Старик спросил искренне, как человек, который не может понять, зачем добровольно лезть в грязь и жар, если есть путь к славе и лёгкой жизни.

Помолчал пару секунд, вопрос застал врасплох своей простотой. Я уже отвечал на него и себе, и Свену, и даже Гуннару когда-то. Но здесь, посреди каменного мешка, тот прозвучал с такой прямотой, что вдруг почувствовал отклик — глубоко внутри Огненная Ци шевельнулась, отозвалась на слово «кузня», и запела как натянутая струна.

— Потому что, мастер Гуннар, мне это нравится, — начал, подбирая слова. — Нет… даже не так.

Посмотрел на свои руки — мозолистые, покрытые ожогами и въевшейся угольной пылью.

— Я это люблю — создавать, когда металл поддаётся воле, когда из куска мёртвой руды получается вещь, которая служит людям.

Замолчал, пристально вглядываясь в глаза старика — тот смотрел с выражением смятения, граничащего со страхом, будто бы впервые увидел передо собой кого-то совершенно другого.

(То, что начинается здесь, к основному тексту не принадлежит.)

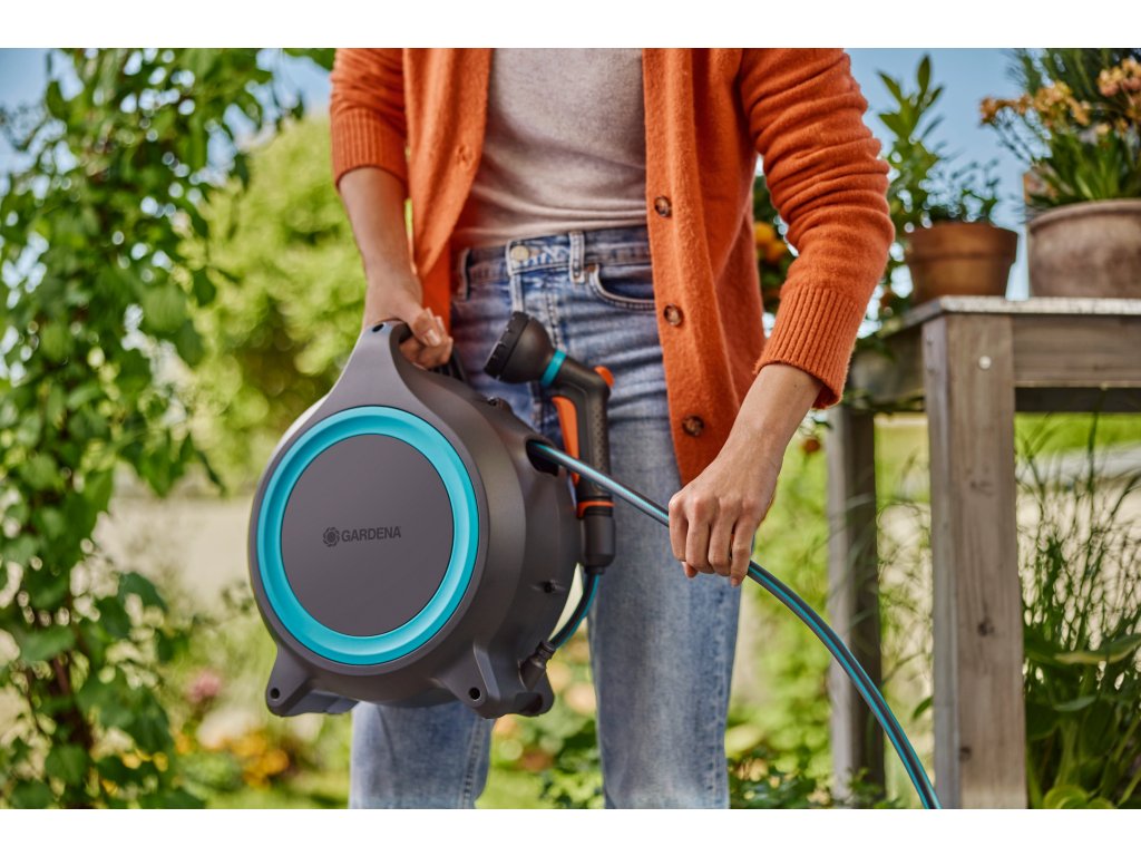 - Pro blízké okolí: Zavlažovací hadice 12,5 m se odvíjí při zavlažování malých ploch s připojovací hadicí 1,5 m.
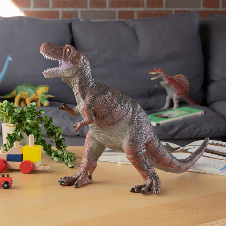 やわらか素材のあそべるフィギュア ビニールモデルから登場した、全長50cmを超えるティラノサウルスのプレミアムフィギュアです。小さなお子様が触れても安全な素材を使用しているため、リビングや子ども部屋に安心して遊んでいただけます。

— И вы тоже это любите, мастер, — продолжил мягче, но с нажимом. — Я это точно знаю — видел там, в Оплоте, когда вы со Свеном обсуждали мехи. Видел блеск в ваших глазах.

Сделал ещё один крошечный шаг к Гуннару — теперь был совсем близко, заставляя слушать.

— Так что, мастер Гуннар… — голос стал твёрдым, как удар молота. — ПРЕКРАТИТЕ. СОМНЕВАТЬСЯ. В СЕБЕ!

Гуннар сглотнул. Крупная капля пота сорвалась с его лба, прочертила мокрую дорожку по грязному лицу, запуталась в бороде и упала вниз, разбившись о каменный пол. Старик хотел что-то ответить, огрызнуться, или поставить меня на место, но слова застряли у него в горле. Кажется, мужик увидел что-то, против чего не было аргументов — истину.

Мы молчали, сверля друг друга взглядами, словно два шпиона, внезапно сбросившие маски. Пауза затянулась, стала вязкой и оглушительной, перекрывая даже гул цеха. Ульф, стоявший чуть поодаль, напряжённо переводил взгляд с меня на Гуннара, сжав огромные кулаки. Молотобоец напоминал перепуганного рефери, который следит за дуэлью взглядов, боясь пропустить момент, когда один из бойцов нанесёт удар.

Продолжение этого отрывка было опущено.